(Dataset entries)
———

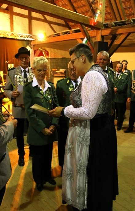 Auch Rebecca Kramer, 1. Gauschützenmeisterin, war vor Ort um unter anderen 3 Schützen auf Gymnich für 25 Jahre Mitgliedschaft im Schützenverein Artelshofen auszuzeichnen.
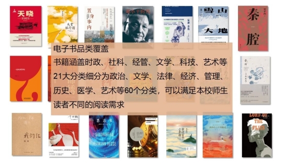 中文学术电子图书持续上新,收集中文电子图书,专业书占比超过6万册,近五年电子图书超过5万册,近3年电子图书超过3万册。由各学科教授推荐出各学科和专业的经典书籍,与高校学科设置相匹配。与多个人文学院合作,由教授团队梳理并推荐适合学生阅读的人文经典著作。
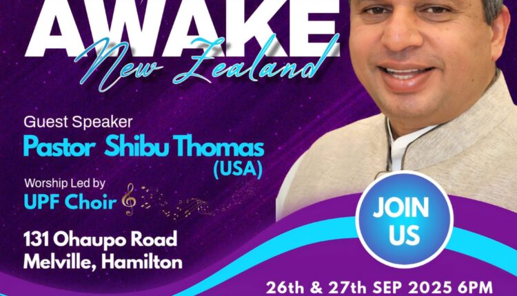 ന്യൂസിലാൻഡ്: യൂണൈറ്റഡ് പെന്തക്കോസ്ത് ഫെലോഷിപ്പ് ഹാമിൽട്ടണിന്റെ നേതൃതത്തിൽ ന്യൂസീലൻഡിലെ ആദ്യ ഐക്യ സമ്മേളനമായ അവേക് ന്യൂസീലൻഡ് യു.പി.എഫ് കോൺഫറൻസ് സെപ്റ്റംബർ 26 നും 27 നും യഥാക്രമം വൈകീട്ട് 6 മണിക്കും രാവിലെ 10 മണിക്ക് ഫാമിലി കോൺഫറൻസും ഹാമിൽട്ടൺ സൗത്ത് ബാപ്റ്റിസ്റ്റ് ചർച്ചിൽ വെച്ച് നടക്കും. 28 ഞായറാഴ്ച നടക്കുന്ന സംയുക്ത സഭാ യോഗത്തിൽ പാസ്റ്റർ ഷിബു തോമസ് ഒക്കലഹോമ പ്രസംഗിക്കും. ആരാധനകൾക്ക് യു.പി.എഫ് കൊയർ നേതൃതം നൽകും.
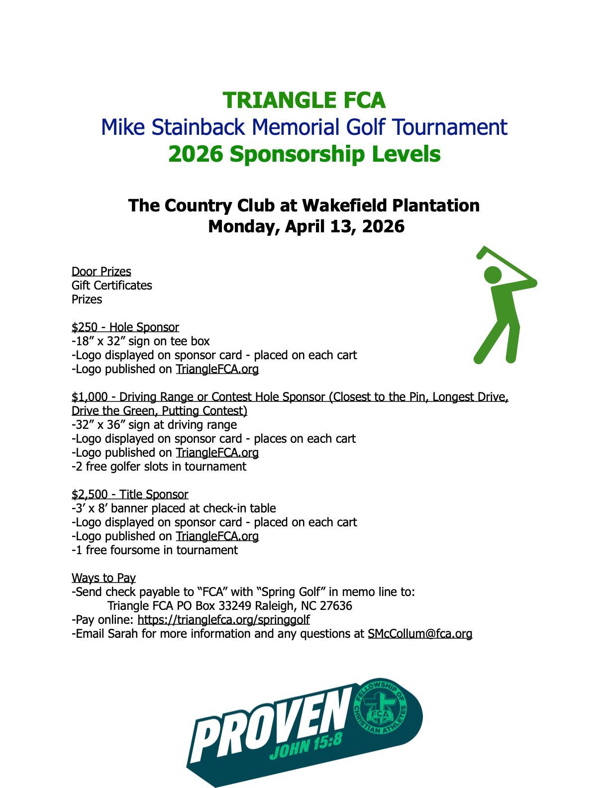 Send check payable to "FCA" with "Spring Golf" in memo line to:
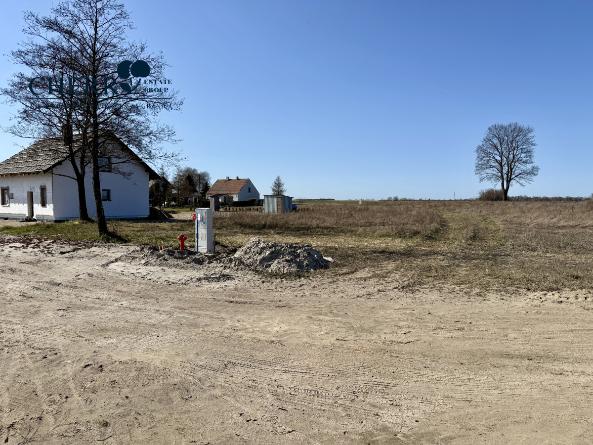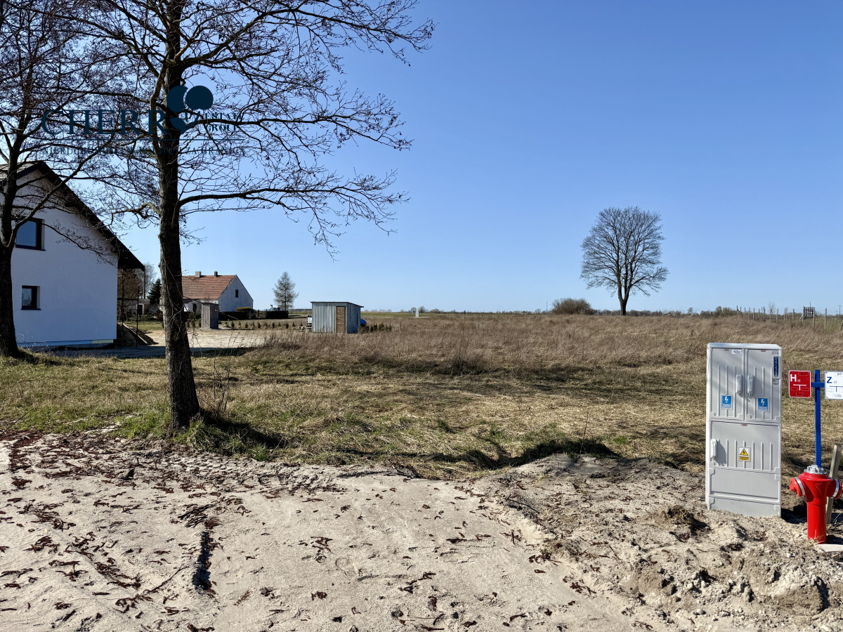 Na granicy działki znajduje się skrzynka elektryczna oraz hydrant, co pozwala na szybkie rozpoczęcie realizacji budowy.
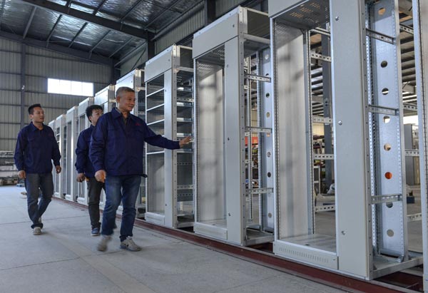 蘇明電器總經(jīng)理周慶忠查看生產(chǎn)線(xiàn)

———

◆ WORK TASK
Keep the pictures out of your copy, and repeat every entry above exactly.

◆ ANSWER TO THIS PROBLEM
 Auch Rebecca Kramer, 1. Gauschützenmeisterin, war vor Ort um unter anderen 3 Schützen auf Gymnich für 25 Jahre Mitgliedschaft im Schützenverein Artelshofen auszuzeichnen.
 中文学术电子图书持续上新,收集中文电子图书,专业书占比超过6万册,近五年电子图书超过5万册,近3年电子图书超过3万册。由各学科教授推荐出各学科和专业的经典书籍,与高校学科设置相匹配。与多个人文学院合作,由教授团队梳理并推荐适合学生阅读的人文经典著作。
 ന്യൂസിലാൻഡ്: യൂണൈറ്റഡ് പെന്തക്കോസ്ത് ഫെലോഷിപ്പ് ഹാമിൽട്ടണിന്റെ നേതൃതത്തിൽ ന്യൂസീലൻഡിലെ ആദ്യ ഐക്യ സമ്മേളനമായ അവേക് ന്യൂസീലൻഡ് യു.പി.എഫ് കോൺഫറൻസ് സെപ്റ്റംബർ 26 നും 27 നും യഥാക്രമം വൈകീട്ട് 6 മണിക്കും രാവിലെ 10 മണിക്ക് ഫാമിലി കോൺഫറൻസും ഹാമിൽട്ടൺ സൗത്ത് ബാപ്റ്റിസ്റ്റ് ചർച്ചിൽ വെച്ച് നടക്കും. 28 ഞായറാഴ്ച നടക്കുന്ന സംയുക്ത സഭാ യോഗത്തിൽ പാസ്റ്റർ ഷിബു തോമസ് ഒക്കലഹോമ പ്രസംഗിക്കും. ആരാധനകൾക്ക് യു.പി.എഫ് കൊയർ നേതൃതം നൽകും.
 Send check payable to "FCA" with "Spring Golf" in memo line to:
 Na granicy działki znajduje się skrzynka elektryczna oraz hydrant, co pozwala na szybkie rozpoczęcie realizacji budowy.
 蘇明電器總經(jīng)理周慶忠查看生產(chǎn)線(xiàn)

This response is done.